Наконец раздалось «Тпр-р-ру!». Настасья обернулась.
— Приехали, вылезай. Отсюда пешком пойдем. Эй, куманек!
Куманек, понятное дело, задремал под войлоком. Настасья сошла с саней и хорошенько его тряхнула.
— Вставай, свет. Избудем нашу заботушку — отведу тебя к девкам и спи там хоть до весны.
Данилка вылез.
Они были в укромном местечке за церковью.
— Теперь тихо, — велела Настасья. — Иди за мной и ничего не бойся. Нож при тебе?
— При мне.
— Вытер хоть о войлок?
— Да.
Похлопав в благодарность кобылку по шее, Настасья взяла ее под уздцы и уверенно пошла вперед. Данилка, не пряча ножа, за ней.
— Настасьица… — шепотом позвал он. — Я вроде бы здесь уж был.
— Был, был, — подтвердила Настасья. — Здесь тебя кобель трепал. Вот так мы сейчас санки поставим… Пусть думают, будто кобыла сама домой пришла. И будем ждать.
— А где?
— А за санками. Тащи-ка войлок…
Данилка постелил войлок на снег, и они присели за санями, умостив под себя еще и полы шуб.
— Чего ждем-то? — спросил Данилка.
— Гвоздя ждем. И молчи, ради Бога, кобыла вон беспокоится. Следи за ней. Как ушами зашевелит, значит, и человек сюда идет.
Гвоздя прождали недолго.
Очевидно, ему удалось уйти от стрелецкого караула.

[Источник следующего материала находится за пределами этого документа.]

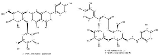 As far as other secondary metabolites are concerned, 2″-O-allopyranosyl-cosmosiin (6) and samioside (8) have been previously isolated from other species. In particular, compound (6), which is a derivative of apigenin with two saccharide residues, has been detected in the Lamiaceae family only in the genus Sideritis L. [,] and in other families such as Taxaceae [], Caprifoliaceae [], and Leguminosae []. Compound (8), which is a derivative of verbascoside with a further saccharidic residue (β-D-apiose), has been evidenced in the Lamiaceae family in the genus Phlomis L. [] and in Teucrium chamaedrys L. [], as well as in other families such as Orobanchaceae [] and Verbenaceae []. On the above, also these compounds cannot be used as chemotaxonomic markers of M. incanum.
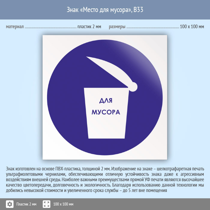 Знак «Место для мусора», B33 (пластик, 100х100 мм) в Курске купить
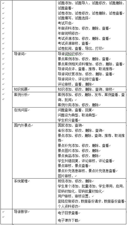 教師主要功(gong)能包(bao)括班級(ji)學生管(guan)(guan)(guan)理、導(dao)(dao)游(you)(you)基(ji)礎知識(shi)管(guan)(guan)(guan)理、國內(nei)導(dao)(dao)游(you)(you)知識(shi)管(guan)(guan)(guan)理、國外導(dao)(dao)游(you)(you)知識(shi)管(guan)(guan)(guan)理、情景題目管(guan)(guan)(guan)理、導(dao)(dao)游(you)(you)證(zheng)考試資(zi)料管(guan)(guan)(guan)理、模(mo)擬(ni)考試、導(dao)(dao)游(you)(you)詞管(guan)(guan)(guan)理、導(dao)(dao)游(you)(you)案例(li)管(guan)(guan)(guan)理、知識(shi)拓(tuo)展(zhan)、案例(li)分析管(guan)(guan)(guan)理、在線問(wen)答、國內(nei)外景點信息管(guan)(guan)(guan)理等。
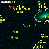 Object #9735 x,y = (3418, 3533) RA, Dec = (04:54:11.808, 02:55:24.24) = (73.54920, 2.92340) BPZ = 1.291 [0.167--3.277] type = 8.40 (SB1_B10 - SB2_B10) chisq2 = 0.01 ODDS = 0.09 z_cluster = 0.203
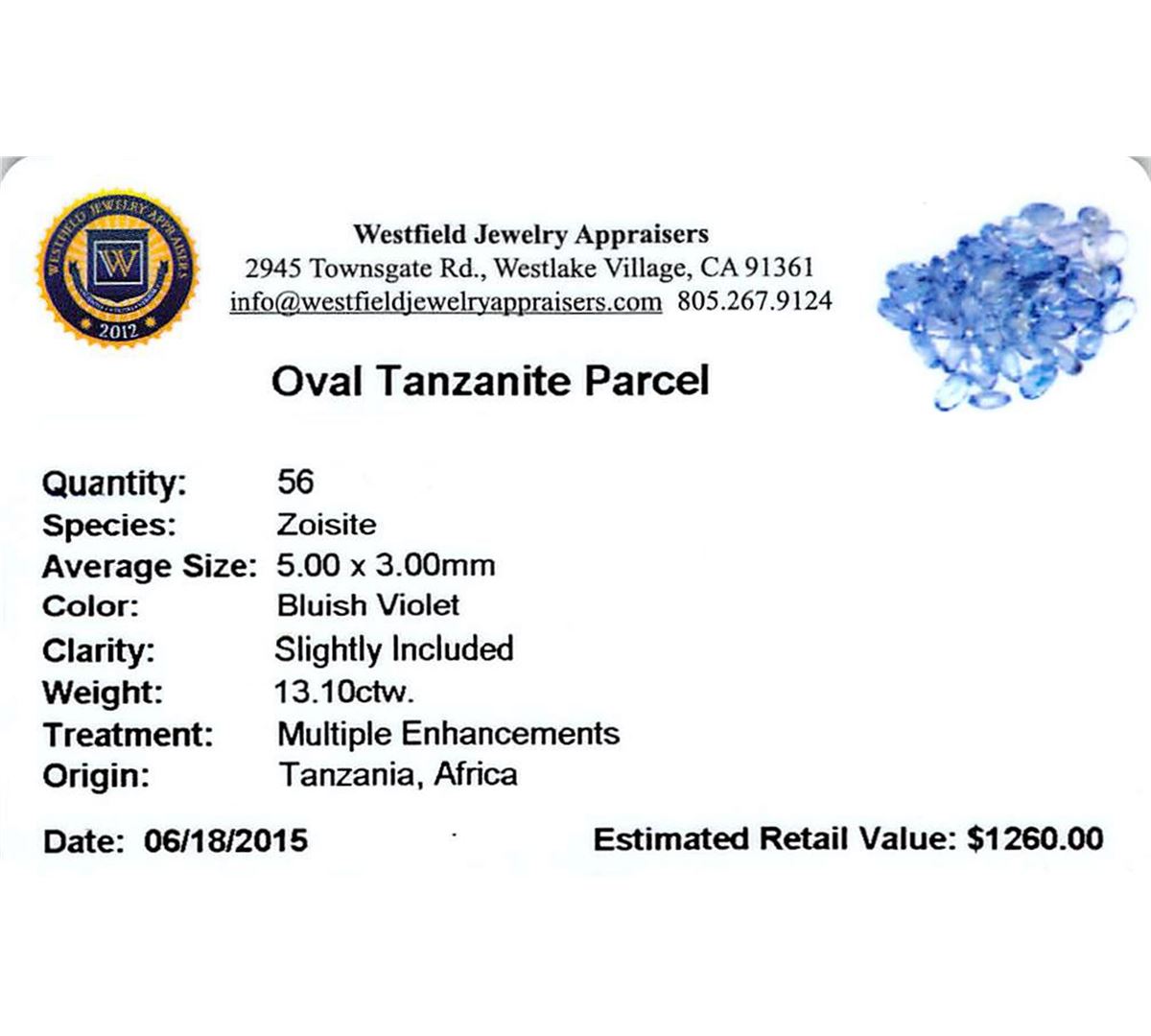 Fifty-six oval mixed cut natural tanzanites, measuring 5.00 x 3.00 x 1.95mm, exact total weight 13.10ct., clarity is slightly included, type I, medium, very slightly grayish, bluish violet color, (GIA bV 5/3), cut is good. Transmitting light with a minimum of distortion, transparent. Naturally occurring internal & external characteristics are present. Measurements & the color grade are an average for the group. Tanzanite is a very rare gemstone that is only found in the country of Tanzania. Originally discovered in 1967. Tiffany & Company, named the stone Tanzanite. It is found in the Usumburu Mountains that border the Umba Valley of northern Tanzania. Tanzanite occurs in gray, brown, violet, blue, reddish-purple, & green. The gem is interesting because of its exceptional pleochroism. Rotated in different directions a tanzanite will exhibit multiple changes of color. Tanzanite has a low tolerance to ultrasonic cleaning, and should not be cleaned using this method. Westfield Appraised at $1,260.00.
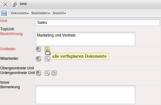 Im folgenden Beispiel wird eine neue Unit “Sales” mit zwei untergeordneten Units definiert. Für die Definition der Unitleiter wird mit Hilfe der Funktionalität “alle verfügbaren Dokumente” eine …
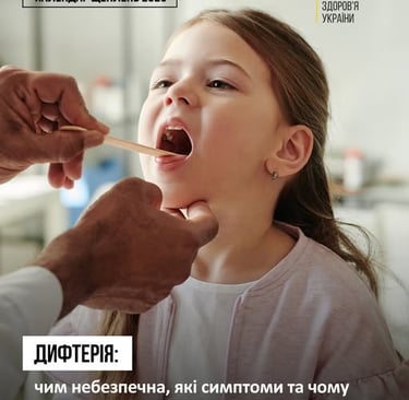 Дифтерія — це небезпечна бактеріальна інфекція, що уражає дихальні шляхи, горло та шкіру, спричинена паличкою Corynebacterium diphtheriae, яка продукує дуже сильний токсин. Збудник дифтерії передається повітряно-крапельним шляхом. Небезпечним ускладненням дифтерії можна запобігти за допомогою вакцинації.
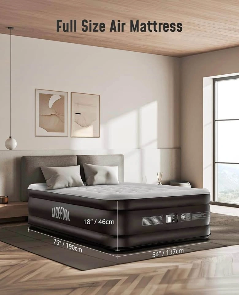 125Dream big comfort in minutes! This brand new Airefina 18" Full-Size Inflatable Mattress self-inflates in just 3 minutes, includes built-in pump, comes with carry bag — perfect for guests, travel, or camping. Features: • Full Size (about 75×54×18 in) — sleeps two adults comfortably • Built-in electric pump — inflation & deflation fast & easy • Sturdy multilayered PVC + flocked top — comfy & durable • Comes with carrying/storage bag — super portable • Never used, still in original box 📍 Pick up: Riverbend, Calgary 💵 Price: $110 CAD (slightly negotiable for serious buyers)
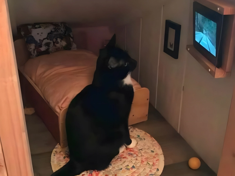 This adorable cat has a private nook under the stairs, like Harry Potter’s room but far more luxurious. The space features a round rug, a playful ball, a tiny picture frame, and a cozy bed with a matching cat-themed cushion. The best part is a television.

Шел он неторопливо да и вел себя, как человек, который не опасается погони, а просто погружен в тяжкое раздумье.
Гвоздь, увидев кобылку с санями, похоже, даже не обрадовался.
— Ишь, гулена… — неодобрительно сказал он и трижды бухнул кулаком в калитку.
Калитка приоткрылась.
— Не приходила? — спросил Гвоздь.
Что-то ему там буркнули отрицательное.
— Проклятая баба… — отвечал Гвоздь. — Вот ведь кашу заварила!..

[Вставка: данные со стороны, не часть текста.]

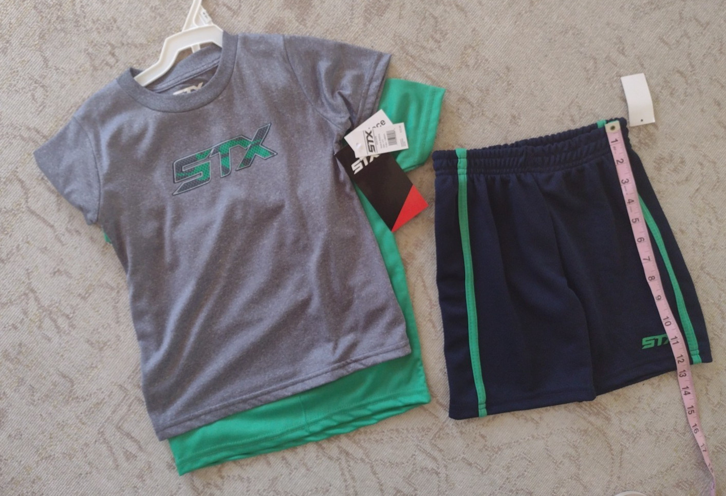 Stx Boys 2 Shirts Short Set gym basketball Green navy sz 4T NEW t shirt
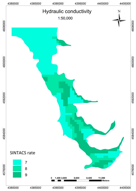 The water table depth parameter map (Figure 5) shows that roughly up to 65% of the study area’s surface is assigned the lowest rates (1, 2 and 4) and up to 25%, rate 7, whereas the remaining 10% earns the highest rate (9). The lowest rate belongs to the confined parts of the aquifer, where the piezometric surface is close to the ground surface, whereas the highest rate is associated with the recharge zones located in the rivers’ terraces.
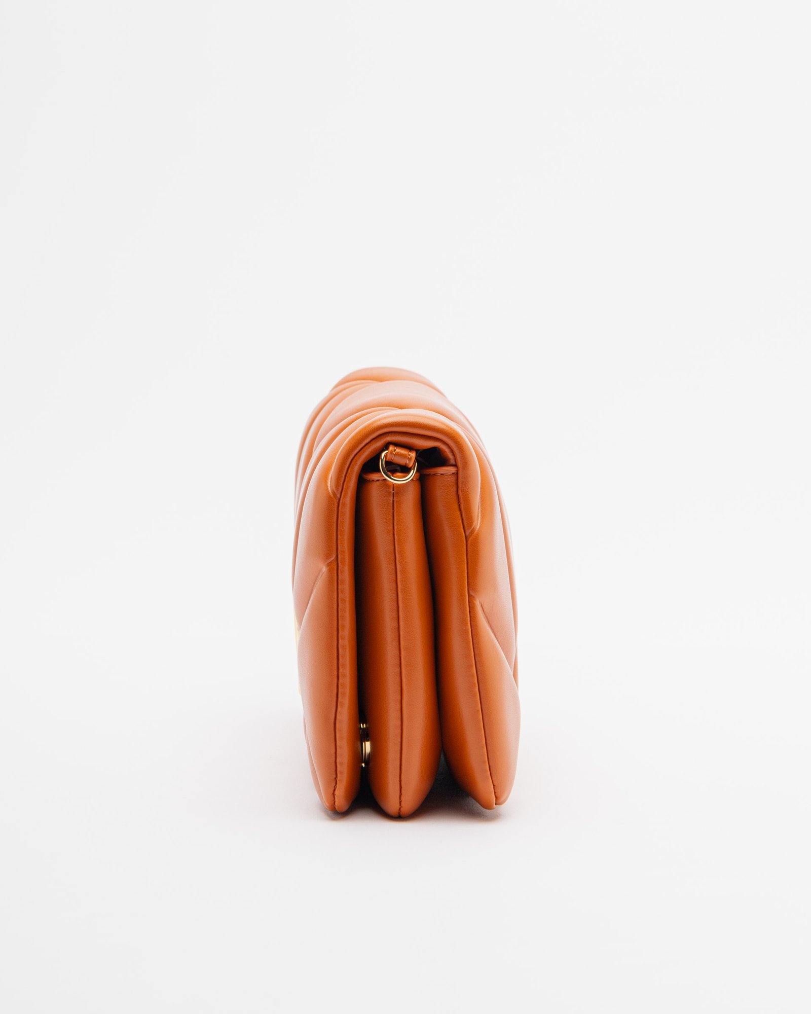 Orange Love Moschino bag with quilted design. Optional chain strap and gold metallic logo on the front.

Из-за калитки, видать, что-то спросили.
— Не твое дело, — отрубил он, подошел к саням, повернулся к ним задом да и сел на облучок. — Скоро, поди, явится.
Настасья сжала Данилкину руку — молчи, мол, дурак…
Данилка недоумевал. Вот ведь перед ними была спина Гвоздя, вот и башка его, в которой варились и кипели всяческие злоумышления! А Настасья еще чего-то выжидала.
И спросить невозможно!..
Оказалось, она была права.
Из-за угла показалась дородная баба — коли в тяжелой шубе, так и вовсе поперек себя шире. Когда подошла поближе, то оказалось, что под мышкой она держит небольшой мешок. Гвоздь встал ей навстречу.
— Ну, насилу дождались! — сказал он грубо. — Принесла ли?
— Принесла, Иванушка, от Никитской до нас неближний путь, а через ряды я идти побоялась, — голос у бабы, невзирая на стать, был тоненький, испуганный, и в доказательство она показала мешок.
— Тут, стало быть, душегрея?
— Тут!
— Точно ли?
— Да как Бог свят!
— Ну, ступай, а то благодетель наш уж гневаться изволит. Я вон за тобой ехать собирался. Ступай, ступай вперед! Замаливай грех!
Баба вперевалку пошла к калитке, а Гвоздь резко выдернул из-за голенища свой персидский узкий нож.
И рухнуть бы бедной бабе со сдавленным криком, но взвизгнула за санями Настасья, так дико взвизгнула, что Гвоздь повернул голову.
Девка была уж на ногах и к бою готова. То, что она прятала в рукаве, чем сражалась с Гвоздем во дворе, она за время сидения на войлоке достала и переделала чуток иначе. А что это такое было, Данилка сразу и не понял. Вырвалось что-то из ее руки, и врода даже звук удара вышел негромкий, однако Гвоздь встал, как вкопанный, постоял мгновеньица два и повалился.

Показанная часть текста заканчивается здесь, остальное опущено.